As I said, I'm currently unable to replicate this anywhere except our production environment. The query in question looks like this:

var original = _context.VehicleInspections.Filter(...)
                .Include(i => i.Motors) // collection
                .Include(i => i.Vehicle) // single
                .Include(i => i.Obligations) // collection
                .Include(i => i.ServiceItems) // collection
                .Where(i => i.RecordType == InspectionRecordType.Original);

var modified = _context.VehicleInspections.Filter(...)
                .Where(i => i.RecordType == InspectionRecordType.Modified)
                .Include(i => i.Motors)
                .Include(i => i.Vehicle)
                .Include(i => i.Obligations)
                .Include(i => i.ServiceItems)
                .Where(i => i.State == InspectionState.Closed)
                .Where(i => !i.Acknowledged);

var leftJoin = from mod in modified
                join orig in original on new { mod.CaseId, mod.SequenceNumber } equals new { orig.CaseId, orig.SequenceNumber }
                    into joined
                from o in joined.DefaultIfEmpty()
                select new InspectionPair { Original = o, Modified = mod };
var inspections = await leftJoin.ToArrayAsync(cancellationToken);

This produces a left self-join over the table in question. The query split is performed correctly and the subqueries look reasonable to my eye. However, still the Obligations collection on the Modified entity sometimes remains empty even though we know there are child entities present. Without query splitting, this works as expected via a single large query.

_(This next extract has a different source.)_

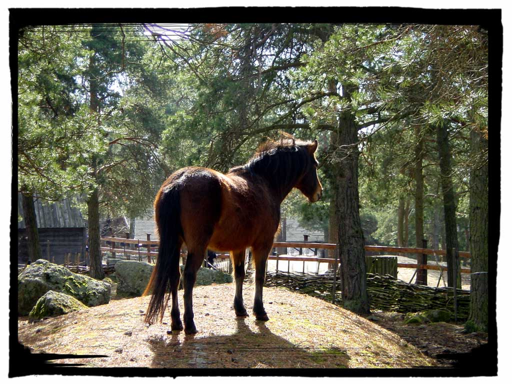 Häst på kulle i motljus

Since I cannot easily produce a repro code, I guess I just wanted to task - is there anything suspicious in this code that could cause such behavior? I noticed there are some navigation expansion bugs being tracked for 5.x but this issue seems to be pop up non-deterministically - most executions still work as expected (or at least we haven't been able to isolate the cause yet).

Sergey-Nosov-CloudFit commented 2 months ago

Also faced a similar issue. We had a very wide and ugly query, with 113 includes. I am not kidding, 113. The query was bad, but that is beside the point; it worked 99.9% of the time.

On very rare occasions, it would lose data silently; as if you forgot to include an include.

Our developers could not reproduce the issue locally. We could only reproduce it by running in an Azure function, under production-size load for a few hours. This could be an indication that the amount of available memory is a factor.

The query used AsSplitQuery, originally without AsNoTracking. Adding AsNoTracking did not help.

Using Entity Framework Core 8.0.6 and Azure SQL Database. I am sorry, I do not have a reproducible example for you.

adebelyi commented 3 weeks ago

@Sergey-Nosov-CloudFit https://github.com/dotnet/efcore/issues/33826

roji commented 3 weeks ago

On very rare occasions, it would lose data silently; as if you forgot to include an include.

Note that unless explicitly opt into a higher isolation level, split query is inherently prone to race conditions which may cause data corruption; this is called out in the documentation.

adebelyi commented 3 weeks ago

On very rare occasions, it would lose data silently; as if you forgot to include an include.

Note that unless explicitly opt into a higher isolation level, split query is inherently prone to race conditions which may cause data corruption; this is called out in the documentation.

Author of issue i refered to said "I found this scenario a little too unexpected". And in his case I agree with him.

After migration from EF Core 2.0 to EF Core 8.0 I faced similar issue. The first one EF Core used split queries by default without this issue.